Sample-Efficient Hypergradient Estimation for Decentralized Bi-Level Reinforcement Learning

TL;DR

This paper introduces a sample-efficient method for hypergradient estimation in decentralized bi-level reinforcement learning, enabling effective optimization when the leader cannot intervene directly in the follower's process.

Contribution

It presents a novel hypergradient formulation using the Boltzmann covariance trick, allowing efficient, sample-based optimization in high-dimensional, decentralized RL settings.

Findings

Effective hypergradient estimation from interaction samples.

First method for hypergradient-based optimization in decentralized 2-player Markov games.

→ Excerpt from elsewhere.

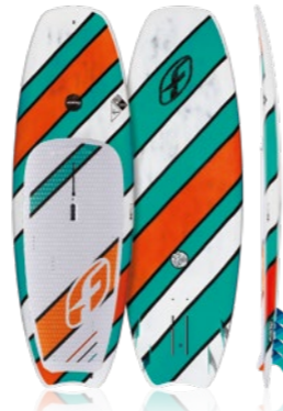
PAPENOO PRO CONVERTIBLE
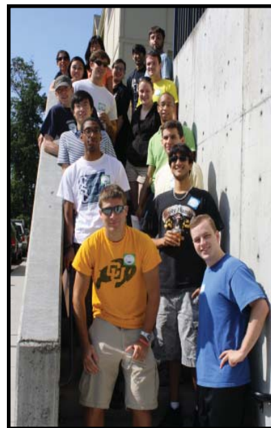
Microsoft interns prepare for a day of fun at Rose Crest.

On July 10th, a group of 15 interns from Microsoft joined St. Andrew's Housing Group for a day of fun and food at Rose Crest, a 50-unit complex in the Talus Development of Issaquah. With excitement and passion, these volunteers led roughly 30 kids at Rose Crest through various activity stations throughout the day. Activities included a silly relay race, decorating canvas lunch bags, building and coloring balsa wood creations and creating pretty pencil pinwheels.

Demonstrated success in discrete and continuous state tasks.

Abstract

Many strategic decision-making problems, such as environment design for warehouse robots, can be naturally formulated as bi-level reinforcement learning (RL), where a leader agent optimizes its objective while a follower solves a Markov decision process (MDP) conditioned on the leader's decisions. In many situations, a fundamental challenge arises when the leader cannot intervene in the follower's optimization process; it can only observe the optimization outcome. We address this decentralized setting by deriving the hypergradient of the leader's objective, i.e., the gradient of the leader's strategy that accounts for changes in the follower's optimal policy. Unlike prior hypergradient-based methods that require extensive data for repeated state visits or rely on gradient estimators whose complexity can increase substantially with the high-dimensional leader's decision space, we leverage the Boltzmann covariance trick to derive an alternative hypergradient formulation. This enables efficient hypergradient estimation solely from interaction samples, even when the leader's decision space is high-dimensional. Additionally, to our knowledge, this is the first method that enables hypergradient-based optimization for 2-player Markov games in decentralized settings. Experiments highlight the impact of hypergradient updates and demonstrate our method's effectiveness in both discrete and continuous state tasks.